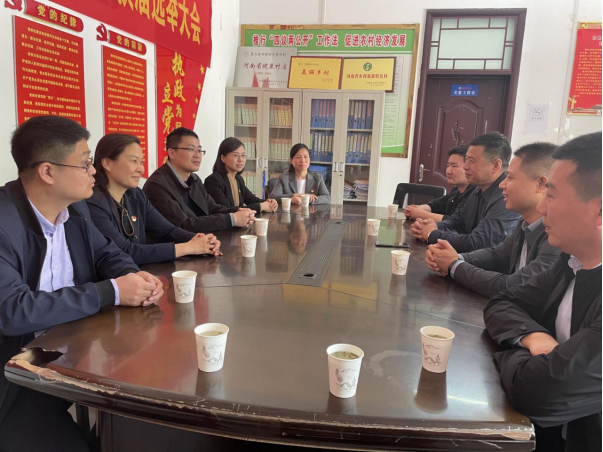 近日,副校长杨志清,经济与贸易学院党委书记张松刚,校团委书记杨莉,组织部副部长张君华、校团委副书记王森一行送刘佳楠同志到鲁山县四棵树乡黄沟村入村报到。鲁山县委常委宣传部长刘万福、团县委书记王跃坤、县驻村办副主任孟庆亮、四棵树乡乡长王永杰、黄沟村党支部书记张振元参加入村工作对接会。
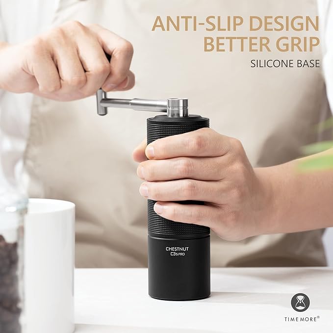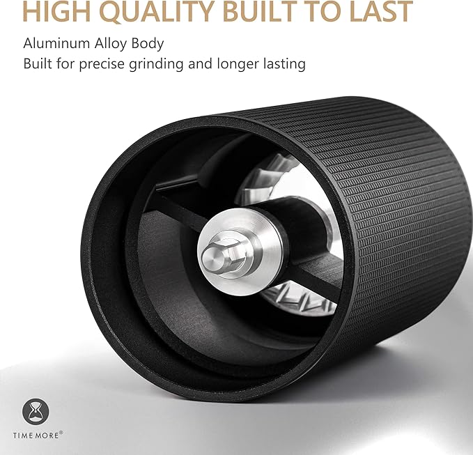 - All-Metal Aluminum Alloy Body: Crafted with an all-metal aluminum alloy body, the TIMEMORE C3S PRO Manual Coffee Grinder offers outstanding durability and longevity. This sturdy construction not only withstands frequent use but also protects the internal components from any potential damage. Additionally, the aluminum alloy body contributes to efficient heat dissipation during grinding sessions, preventing overheating that can compromise the delicate flavors of your coffee beans.
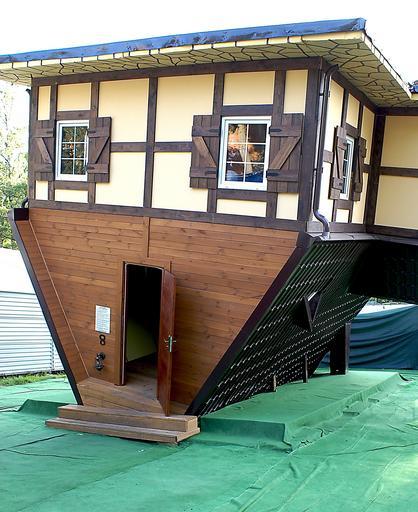 Keywords: cottage upside-down house architecture a joke inverted house small building the window the door wooden cottage the inverse of the the roof of the style wooden construction half-timbered construction regional construction
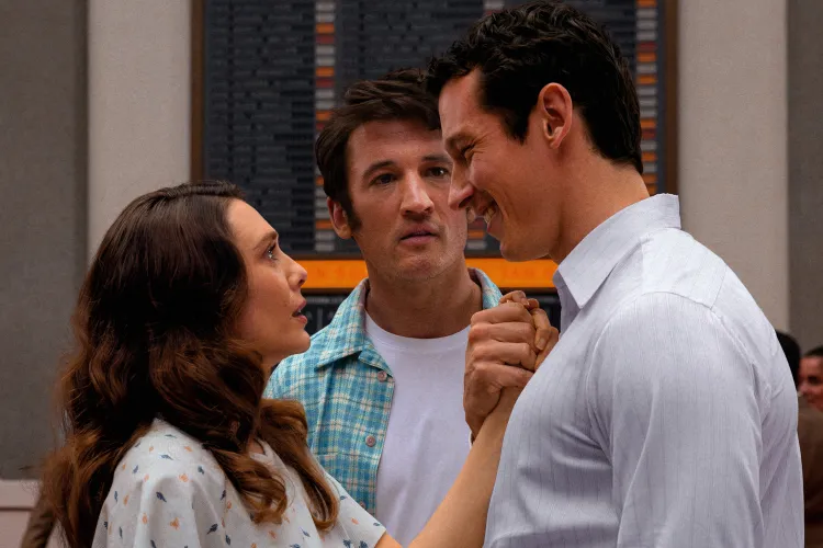 Before she can make that choice, though, she needs to decide which of her two husbands she’ll be living with — Larry Cutler (Miles Teller), her second husband who she raised a family with who died a week before her, or Luke (Callum Turner), her first husband who died in the Vietnam War and spent 67 years waiting in the Junction for her to show up.
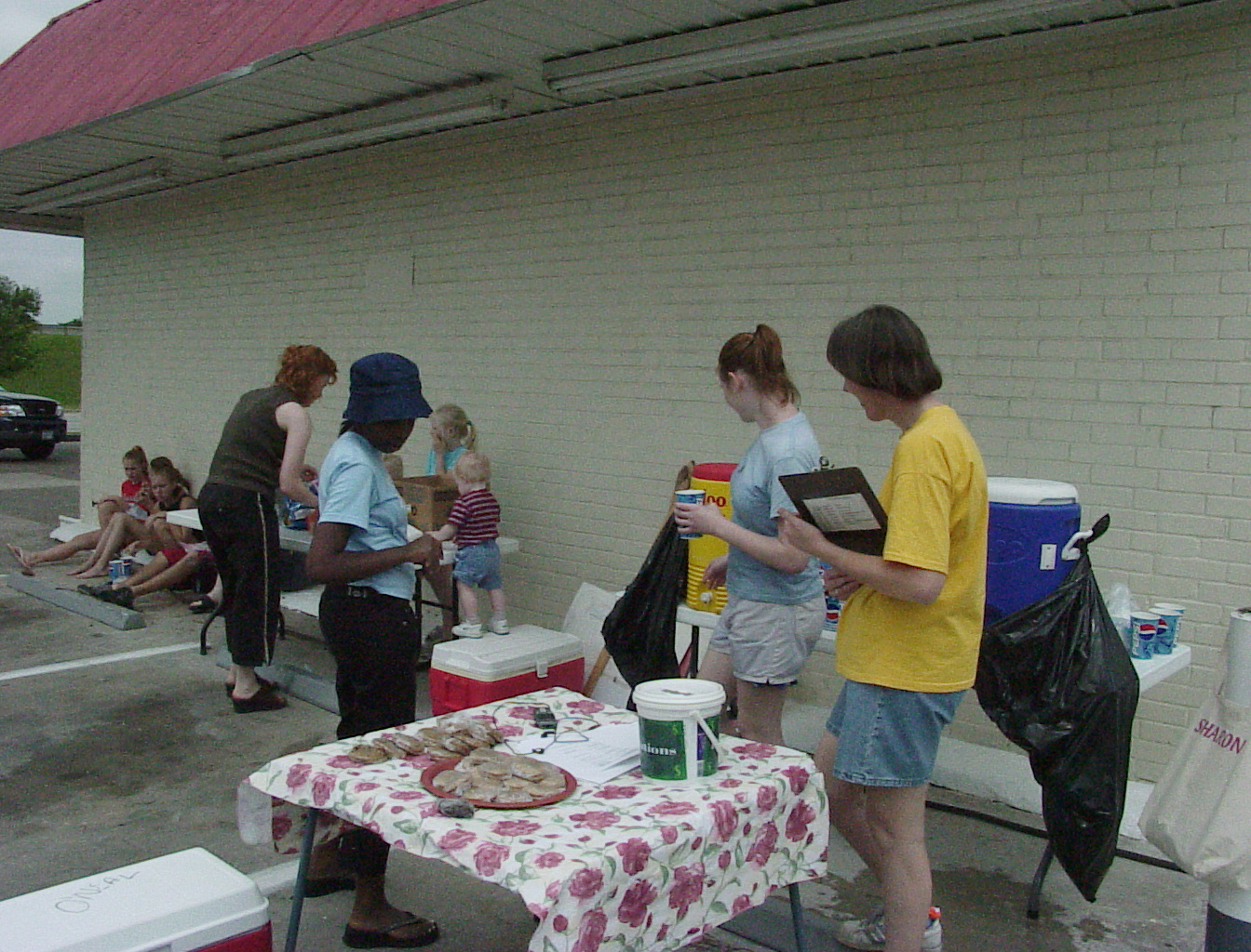 Amy gets Mercy a drink, but Ariella has to get her own. Sharon holds the container to make sure Ariella doesn't steal it while Tabitha watches to make sure nobody gets out of hand. Wouldn't they make great prison guards? |
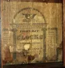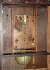 Mahogany case in original old crazed-bubbly finish, with a few veneer losses and small chips on top carvings. Old mirror tablet cracked across bottom left, both glasses retained by newer-looking wood strips. Unusual 3-train wood alarm movement looks clean and complete. Large brass bell. Wood dial in very nice condition with fancy gilt-gesso corner spandrels. Ht.39".

INSTRUCTIONS TO FOLLOW
What is wanted is a verbatim transcription of every record above, pictures excluded.

OUTPUT FOR THIS EXERCISE
 近日,副校长杨志清,经济与贸易学院党委书记张松刚,校团委书记杨莉,组织部副部长张君华、校团委副书记王森一行送刘佳楠同志到鲁山县四棵树乡黄沟村入村报到。鲁山县委常委宣传部长刘万福、团县委书记王跃坤、县驻村办副主任孟庆亮、四棵树乡乡长王永杰、黄沟村党支部书记张振元参加入村工作对接会。
 - All-Metal Aluminum Alloy Body: Crafted with an all-metal aluminum alloy body, the TIMEMORE C3S PRO Manual Coffee Grinder offers outstanding durability and longevity. This sturdy construction not only withstands frequent use but also protects the internal components from any potential damage. Additionally, the aluminum alloy body contributes to efficient heat dissipation during grinding sessions, preventing overheating that can compromise the delicate flavors of your coffee beans.
 Keywords: cottage upside-down house architecture a joke inverted house small building the window the door wooden cottage the inverse of the the roof of the style wooden construction half-timbered construction regional construction
 Before she can make that choice, though, she needs to decide which of her two husbands she’ll be living with — Larry Cutler (Miles Teller), her second husband who she raised a family with who died a week before her, or Luke (Callum Turner), her first husband who died in the Vietnam War and spent 67 years waiting in the Junction for her to show up.
 Amy gets Mercy a drink, but Ariella has to get her own. Sharon holds the container to make sure Ariella doesn't steal it while Tabitha watches to make sure nobody gets out of hand. Wouldn't they make great prison guards? |
 Mahogany case in original old crazed-bubbly finish, with a few veneer losses and small chips on top carvings. Old mirror tablet cracked across bottom left, both glasses retained by newer-looking wood strips. Unusual 3-train wood alarm movement looks clean and complete. Large brass bell. Wood dial in very nice condition with fancy gilt-gesso corner spandrels. Ht.39".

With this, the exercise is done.